Saturday, October 14, 2017

An wretchedly awful and completely bad psychoanalytic Kristevan interpretation

Currently, I've begun reading a psychoanalytic interpretation of Stephen R. Donaldson (cuz that's how I roll, baby). Although quite well-written, especially engaging with Julia Kristeva's theory, the incompetent literary analysis finally irritated me so much that, after a particularly egregious misreading, I wrote in the margins, "Jesus, no, this is just stupid!"

Since this was a library book, no less, I now have the difficult moral decision of whether to erase that remark when I return the book. On one hand, marginalia is technically vandalism. On the other, I feel a responsibility to warn all those fresh-eyed eager young undergrads, bedazzled by the complexities of Theory, who might be tempted to consider anything this particular book said seriously.


Anyway, in other news. After getting bored with writing a feminist analysis of Tolkien, I decided to write a feminist analysis of Donaldson (spurred by the enthusiasm I felt in writing the encyclopedia article about him and aliens). Anyway, I wrote something along the lines, "SRD hasn't received the critical attention that his status as a major modern writer of speculative fiction deserves." After a bit, though, I realized that this wasn't quite true.

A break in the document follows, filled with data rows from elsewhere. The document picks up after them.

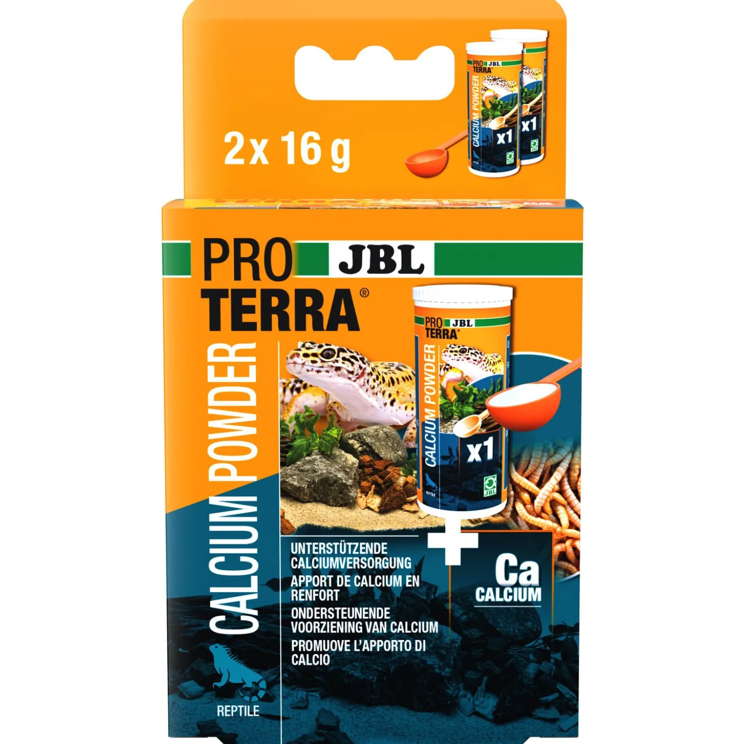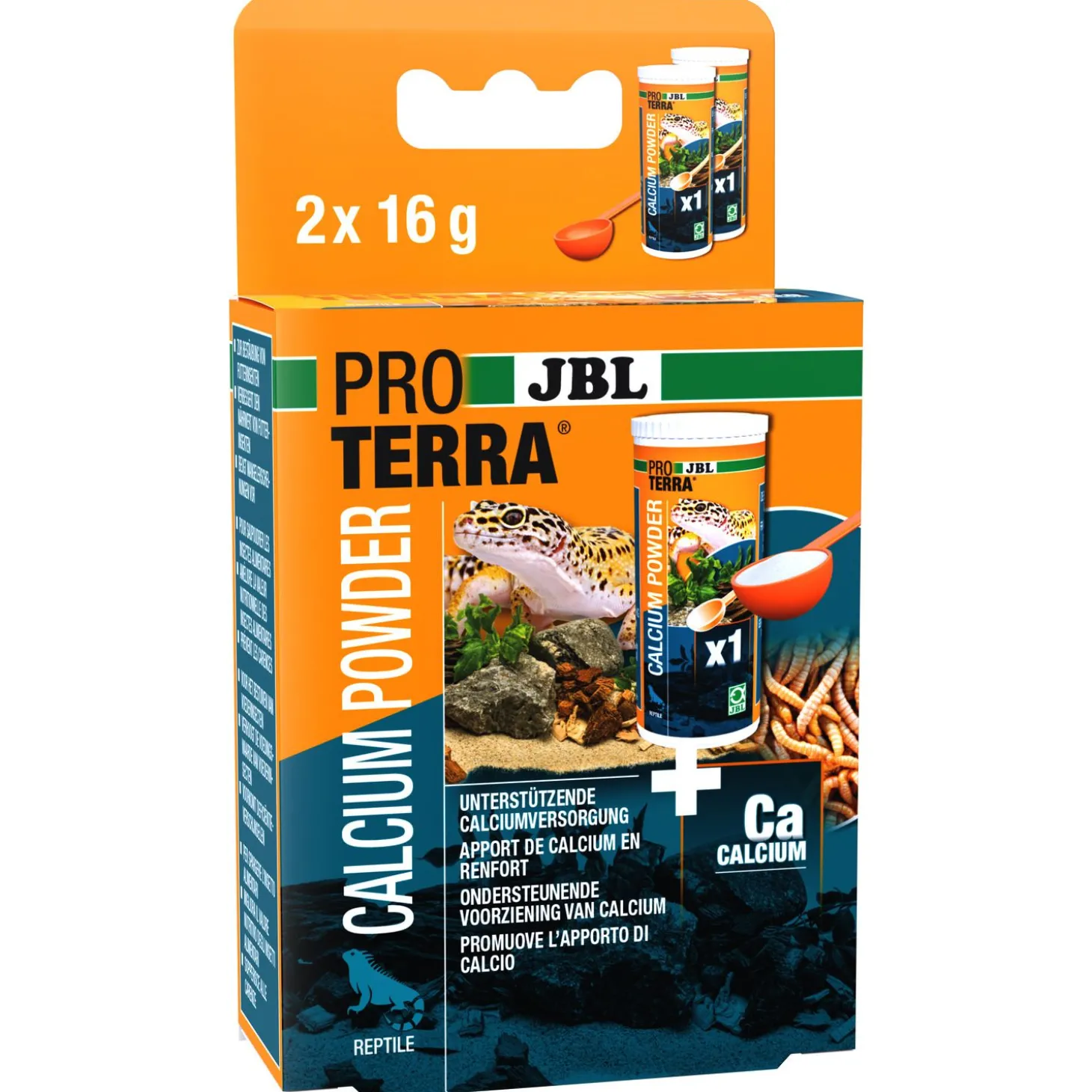 - Eenvoudig in gebruik: Voederinsecten in een houder doen, bestuiven met de doseerlepel, zacht schudden tot het calciumpoeder aan de dieren blijft hangen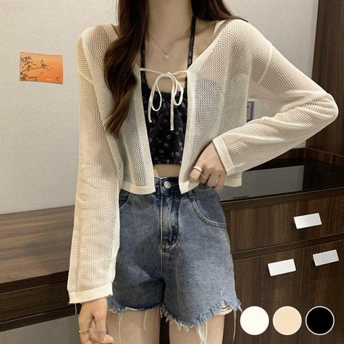 패션스타일 컬러 메쉬 가디건 여성 바캉스 망사 여름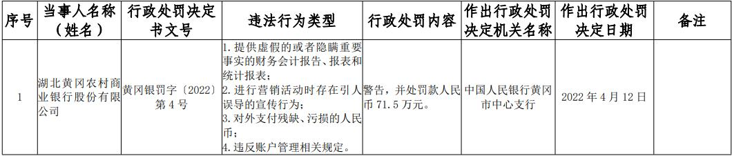 •   中国经济网北京4月20日讯 中国人民银行武汉分行网站昨日公布的中国人民银行黄冈市中心支行行政处罚信息公示表(黄冈银罚字〔2022〕4号)显示,湖北黄冈农村商业银行股份有限公司存在以下违法行为:1.提供虚假的或者隐瞒重要事实的财务会计报告、报表和统计报表;2.进行营销活动时存在引人误导的宣传行为;3.对外支付残缺、污损的人民币;4.违反账户管理相关规定。中国人民银行黄冈市中心支行于2022年4月12日决定对其警告,并处罚款人民币71.5万元。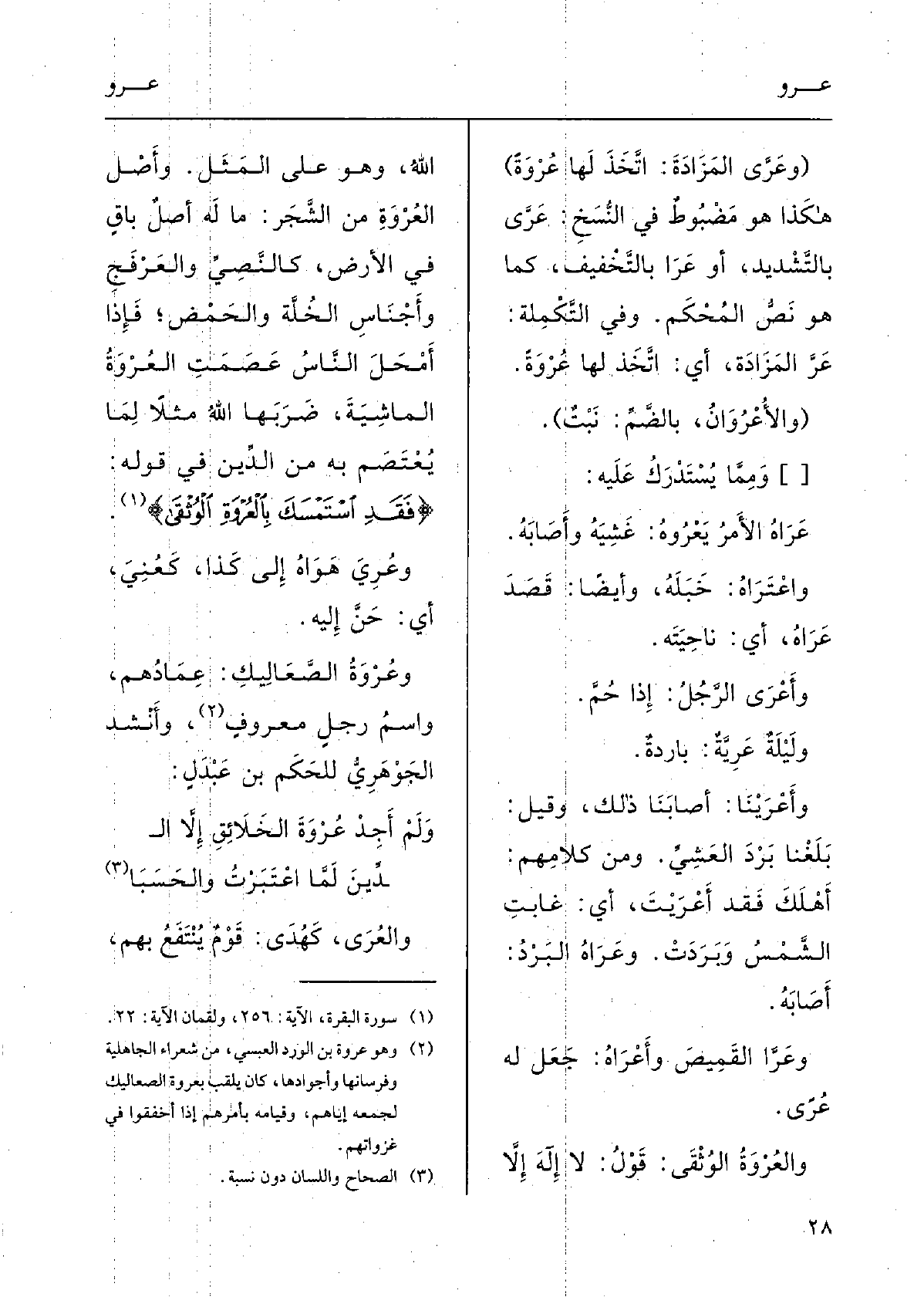 وأَصْلُ العُرْوَةِ مِن الشَّجَرِ: مَا لَهُ أَصْلٌ باقٍ فِي الأرْضِ كالنَّصِيِّ والعَرْفَج وأَجْناسِ الخُلَّة والحَمْضِ، فَإِذا أَمْحَلَ الناسُ عَصَمت العُرْوَةُ الماشِيَةُ؛ ضَرَبَها اللَّهُ مَثَلاً لمَا يُعْتَصَم بهِ مِن الدِّين فِي قوْلِهِ؛ {فقد اسْتَمْسَكَ} بالعُرْوَةِ الوُثْقَى} .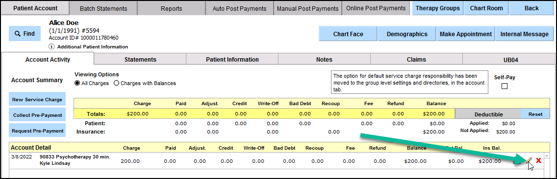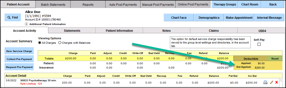4. The deductible information then shows in Patient Accounts as shown below. The full deductible initially shows under "Not Applied".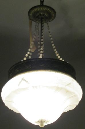 - Lámpada de teito coa súa tulipa en cristal opalino, de forma globular labrada con relevos xeométricos e vexetais. O resto da estrutura consiste nun corpo que recolle a tulipa en chapa de bronce repuxado con grilandas. Colga a través de seis cadeas decoradas con esferas de vidro unidas á copa superior, tamén en chapa.

Although only a handful of academic articles have appeared on Donaldson, there are currently three monographs on him -- which ain't bad for a still-living fantasy writer who isn't Rowling or George Martin. 

The best Donaldson book, of course, is by William Senior. Another is . . .. well, let's just say that it doesn't much challenge Senior for title of "best book on Donaldson."  Then there's this Kristevan monstrosity.